Genovaitė Ramoškienė

Personal information
- Born: 12 May 1945 (age 81) Daičiūnai, Lithuanian SSR, Soviet Union
- Height: 1.70 m (5 ft 7 in)
- Weight: 72 kg (159 lb)

Sport
- Sport: Rowing
- Club: Žalgiris Kaunas

Medal record
Representing the Soviet Union
Olympic Games
| Bronze medal – third place | 1976 Montreal | Double sculls |
World Rowing Championships
| Silver medal – second place | 1974 Lucerne | Single sculls |
| Bronze medal – third place | 1975 Nottingham | Single sculls |
European Rowing Championships
| Gold medal – first place | 1969 Klagenfurt | Single sculls |
| Gold medal – first place | 1973 Moscow | Single sculls |
| Bronze medal – third place | 1967 Vichy | Single sculls |
| Bronze medal – third place | 1970 Tata | Single sculls |

= Genovaitė Ramoškienė =

Soviet rower

Genovaitė Ramoškienė (née Šidagytė on 12 May 1945) is a retired Lithuanian rower.

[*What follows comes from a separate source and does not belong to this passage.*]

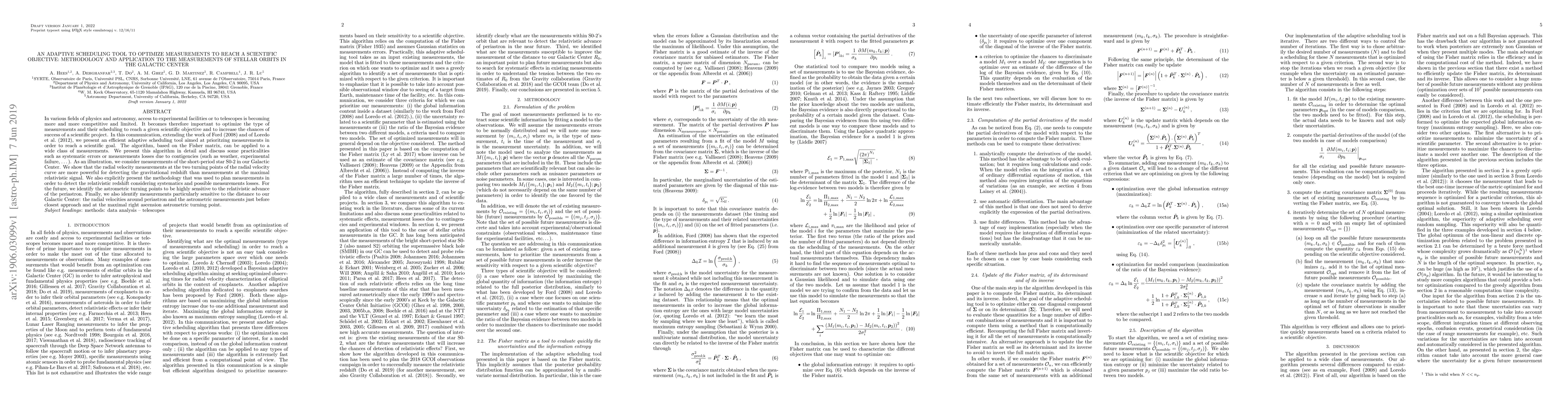 In various fields of physics and astronomy, access to experimental facilities or to telescopes is becoming more and more competitive and limited. It becomes therefore important to optimize the type of measurements and their scheduling to reach a given scientific objective and to increase the chances of success of a scientific project. In this communication, extending the work of Ford (2008) and of Loredo et al. (2012), we present an efficient adaptive scheduling tool aimed at prioritzing measurements in order to reach a scientific goal. The algorithm, based on the Fisher matrix, can be applied to a wide class of measurements. We present this algorithm in detail and discuss some practicalities such as systematic errors or measurements losses due to contigencies (such as weather, experimental failure, ...). As an illustration, we consider measurements of the short-period star S0-2 in our Galactic Center. We show that the radial velocity measurements at the two turning points of the radial velocity curve are more powerful for detecting the gravitational redshift than measurements at the maximal relativistic signal. We also explicitly present the methodology that was used to plan measurements in order to detect the relativistic redshift considering systematics and possible measurements losses. For the future, we identify the astrometric turning points to be highly sensitive to the relativistic advance of the periastron. Finally, we also identify measurements particularly sensitive to the distance to our Galactic Center: the radial velocities around periastron and the astrometric measurements just before closest approach and at the maximal right ascension astrometric turning point.

She won a bronze medal at the 1976 Summer Olympics in the double sculls event, together with Eleonora Kaminskaitė. Individually, she won two gold, one silver and three bronze medals in the single sculls at the European and world championships of 1967–1975.

After graduating from the Lithuanian Sports University in 1966 Ramoškienė worked as a lecturer of physical education.